Через несколько минут королевская карета со скачущими рядом блестящими всадниками загромыхала по булыжной мостовой.
Мазарини стоял у окна, наблюдая за отъездом короля. Какие всходы дадут зерна, брошенные им в душу юного монарха?
Резко отвернувшись от окна, он дал знак стоящему в выжидательной позе капуцину, и тот ввел в кабинет двух скромных монахов из монастыря св. Иеронима, чем-то похожих друг на друга. Кардинал уже знал, что это иезуиты, всегда стремясь поддерживать с этим опасно влиятельным Орденом взаимовыгодные отношения.
– Ваше светлое высокопреосвященство! – сладким тенорком начал отец Максимилиан-старший. – Во имя господа нашего всемилостивейшего и его величества короля, опирающегося на мудрость праведных слуг своих, мы прибегаем к вашей незамедлительной помощи, как высшего стража короны, дабы пресечь греховные замыслы врагов государства и церкви, вероотступников и негодяев, известных Ордену. Кардинал принимал монахов стоя, прижав к груди украшенный бриллиантами крест.
– Во имя Христа, спасителя нашего, готов выслушать вас, верные служители святой католической веры.
– Отец Максимилиан поведает вашему светлому высокопреосвященству о делах столь же греховных, сколь и опасных, – мрачным басом присовокупил младший Максимилиан.
– Я внимаю вам, как слову, господом внушенному.
– Нам удалось установить, ваше светлейшее высокопреосвященство, – вступил снова Максимилиан-старший, – есть вероотступник, уже не раз уличенный и остановленный церковью в своих попытках порочить духовный сан служителей церкви или основы их веры, опирающейся на канонизированное учение древнего философа Аристотеля. К греховной насмешке вольнодумец тот стремился в своей бесстыдной комедии «Проученный педант» и в еретической трагедии «Смерть Агриппы», а также в злобных стишках против вашего светлого высокопреосвященства и даже ее величества королевы-матери, в грязных памфлетах, включенных в недостойную «Мазаринаду». Ныне же этот негодный Сирано де Бержерак совместно с приезжим судейским из Тулузы метром Пьером Ферма замышляет недоброе в кабачке «Не откажись от угощения!», как удалось выследить нашему верному послушнику, который, будучи лишен слуха, умеет понимать слова по движениям губ, о чем мы и спешим донести вашему светлому высокопреосвященству как опоре престола и церкви.

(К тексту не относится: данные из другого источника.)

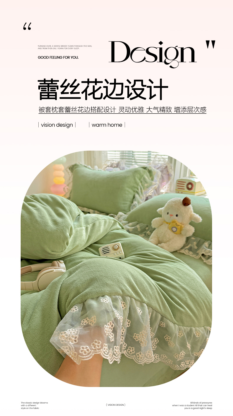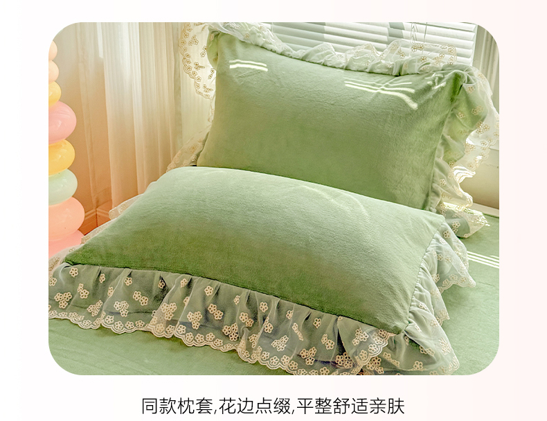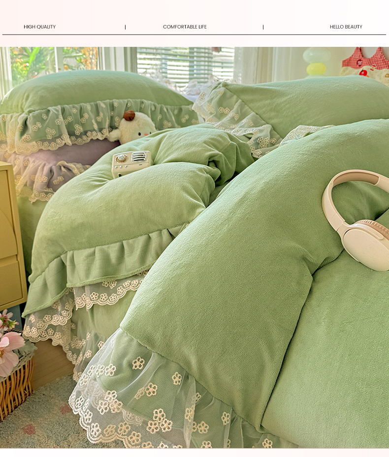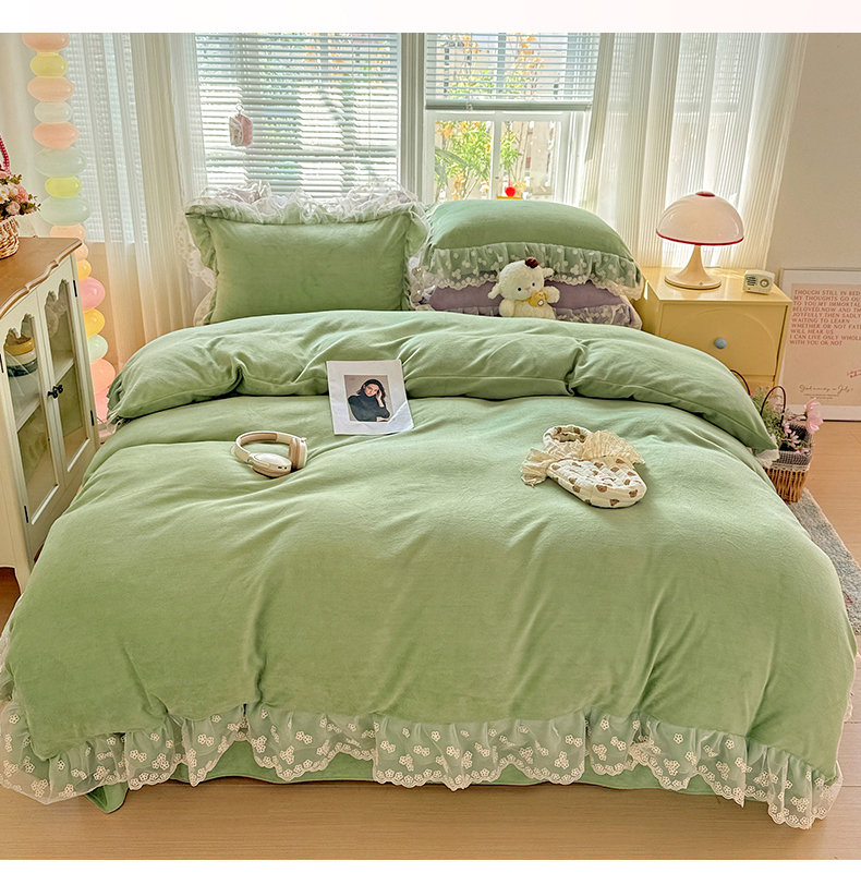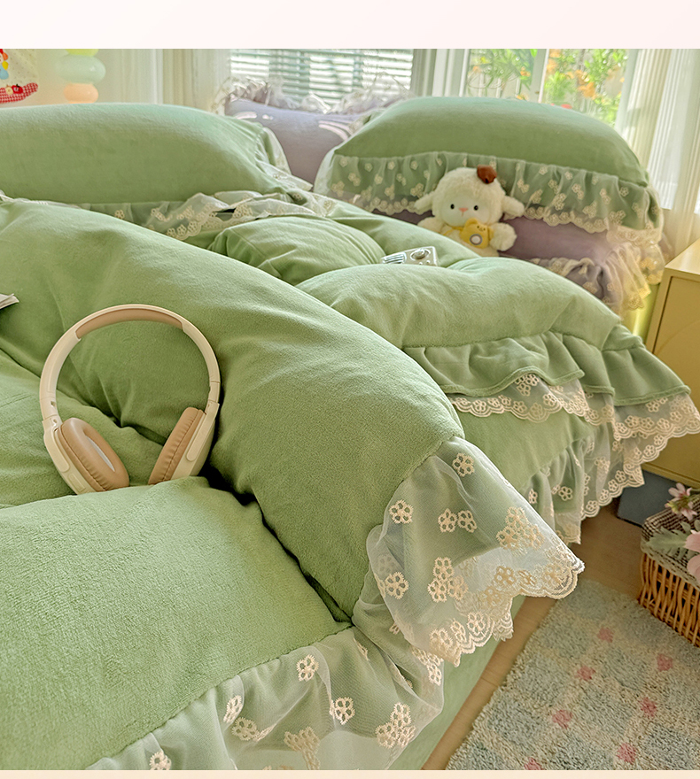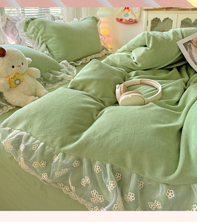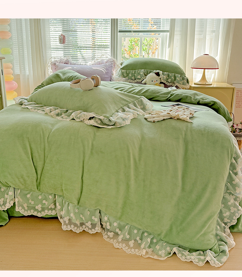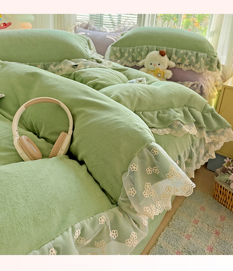 商品名称:鑫利来家纺 2025新款法式蕾丝花边牛奶绒四件套韩版花边加厚牛奶绒四件套 倾城-草绿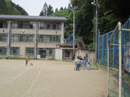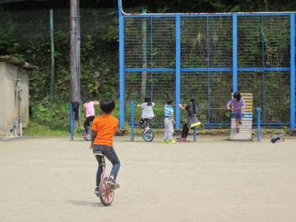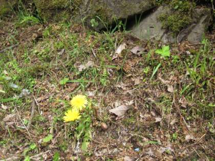 一輪車で遊ぶ横に,“季節外れのタンポポ”が咲いていました。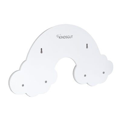 Kaunista oma lapse toa seinad dekoratiivse ja praktilise Kindsgut seinakinnitusega, mis on värvilise vikerkaare ja pahempidi kujuga. See on valmistatud puidust ja pakub ruumi riiete või kohvrite riputamiseks neljale konksule.

– Полагаем необходимым схватить и казнить заговорщиков, – мрачно добавил младший иезуит.
Мазарини не повел и бровью, лишь переложил крест на груди.

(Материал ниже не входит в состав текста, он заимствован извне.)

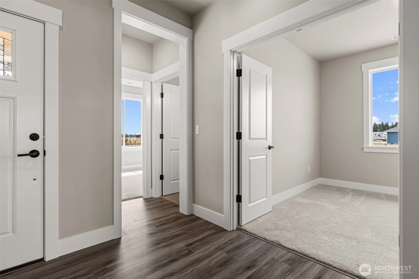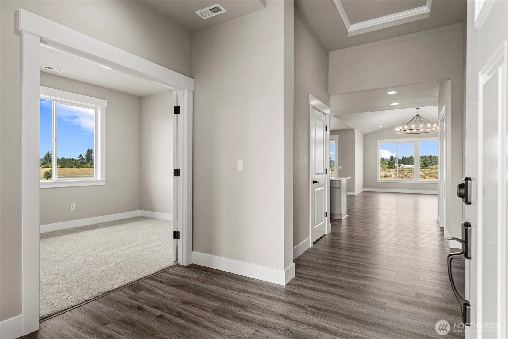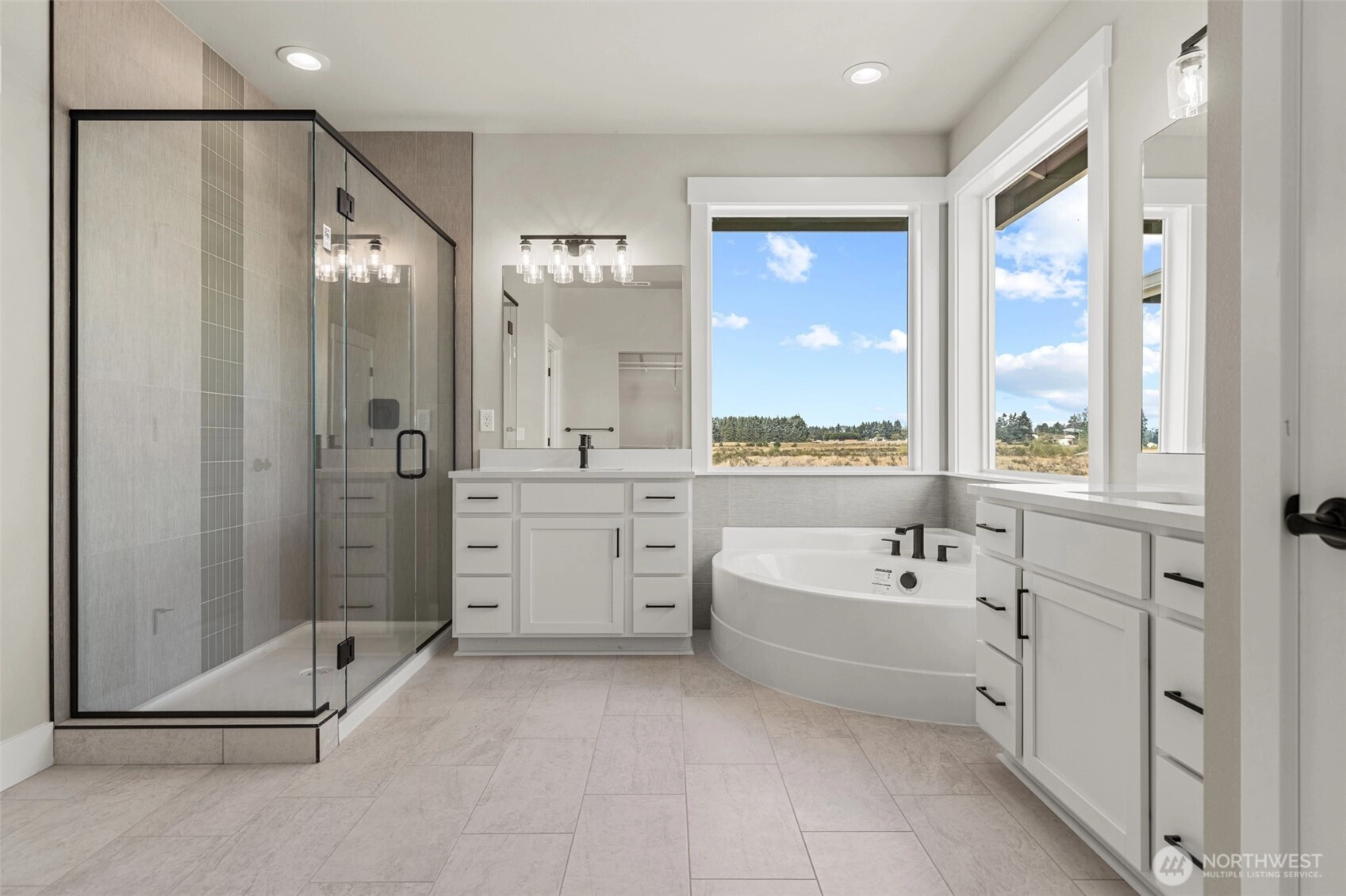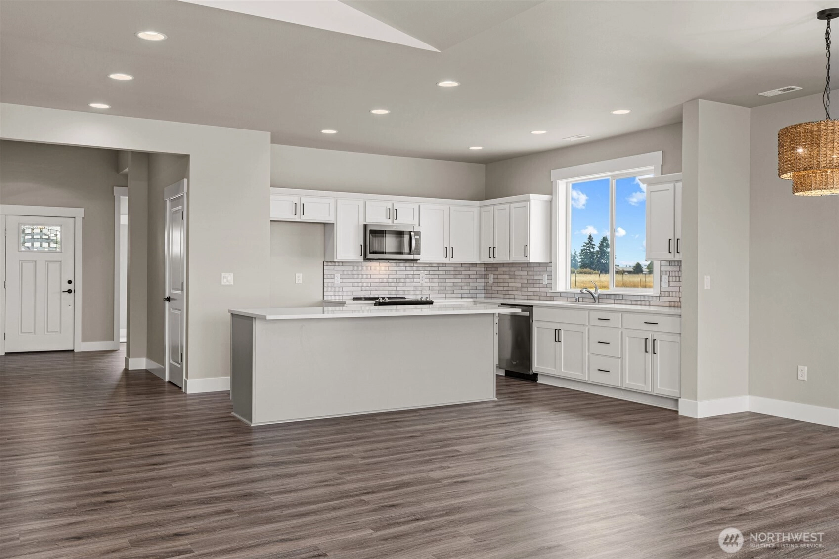 Brand new rambler on nearly 5 acres— MOVE IN READY! This open-concept home features vaulted ceilings, durable LVP flooring, and a sleek linear fireplace. The chef’s kitchen offers quartz countertops, stainless appliances, a spacious island, ample cabinetry, and a walk-in pantry. Dining area opens to a covered outdoor living space. French doors lead to a luxurious primary suite with a 5-piece bath, oversized tile shower, soaking tub, and walk-in closet. Complete with a 3-car fully insulated garage, energy-efficient heat pump with A/C, and high-end finishes throughout—perfect for entertaining, working from home, or simply relaxing.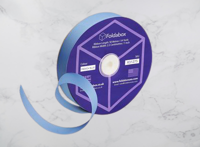 Compliment your gift packaging beautifully with these French light blue grosgrain ribbons. Usually, they go with black, silver, ivory, and Kraft boxes.
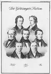Gauss was loyal to the House of Hanover. After King William IV died in 1837, the personal union between the kingdoms of Great Britain and Ireland and Hanover ceased. In the same year, the new Hanoverian King Ernest Augustus annulled the constitution given to the state by his brother in 1833. Seven prominent professors, later known as the "Göttingen Seven", protested against this, among them his friend and collaborator Wilhelm Weber and Gauss' son-in-law Heinrich Ewald. All of them were dismissed, and three of them were expelled, but Ewald and Weber could stay in Göttingen. Ewald took a position at the University of Tübingen in 1838, where Gauss' daughter Wilhelmina died soon after in 1840, and Weber went to the University of Leipzig in 1843; both of them returned to their Göttingen positions in 1849 as the only ones of the Göttingen Seven. Gauss was deeply affected by this quarrel but saw no possibility to help them.[100]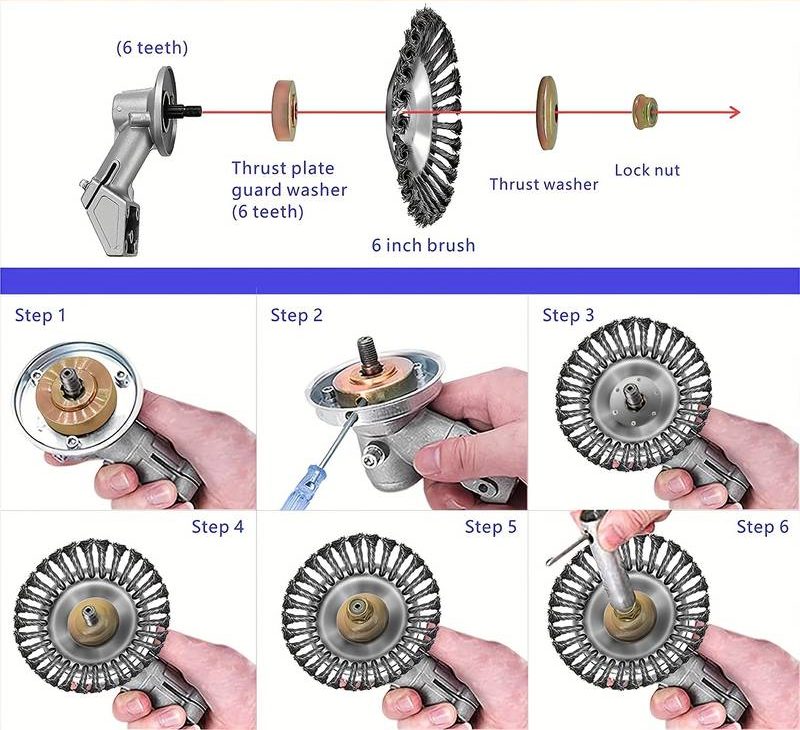 El cepillo para malezas adopta una estructura de placa fija interna para garantizar consistencia y seguridad. Más nítidos y eficientes que otros tipos. Larga vida útil y durabilidad El cepillo para malezas está hecho de alambre de acero al carbono y puede funcionar correctamente al golpear piedras y bloques duros. La vida útil será 10 veces más larga que la de otros cabezales de corte. El cepillo para malezas es adecuado para la mayoría de los modelos de máquinas de podar y es adecuado para productos de herramientas de poste de jardín de eje recto.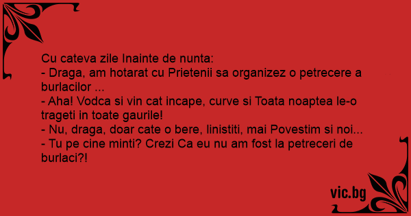 - Tu pe cine minti? Crezi Ca eu nu am fost la petreceri de burlaci?!
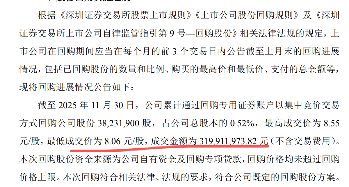 公司准备回购2亿到4亿元,现在已经回购了3.2亿元,回购的价格最低在8.55元。

– Святой Орден Иисуса отличается решительностью своих действий, – задумчиво произнес он, – что нельзя не оценить. Но… сейчас, отцы и братья мои, иное время, чем в год трагедии на улице Медников.
– Время иное, ваше светлое высокопреосвященство, – пробасил Максимилиан-младший, – но место то же, улица Медников.
– Вот как? Та самая, где кинжал иезуита-мученика Равальяка пронзил грудь короля Генриха IV?
– Именно так, ваше светлое высокопреосвященство. Он вскочил на подножку открытой королевской коляски именно на улице Ферронвери (Медников), где находится и кабачок, место сбора заговорщиков. И в этом надо видеть перст божий! – елейно произнес Максимилиан-старший.
– Перст божий! – задумчиво повторил Мазарини.
– Воистину так! – гулко прозвучал голос Максимилиана-младшего, – ибо приняв все мучения, Равальяк не смог назвать своих сообщников, руководимый лишь перстом божьим. – И добавил многозначительно: – Недаром регентство матери малолетнего Людовика XIII королевы Марии Медичи после удара Равальяка привело к великой деятельности вашего предшественника, его высокопреосвященства кардинала Ришелье, а вслед за ним и вашу высокую и незаменимую для Франции деятельность.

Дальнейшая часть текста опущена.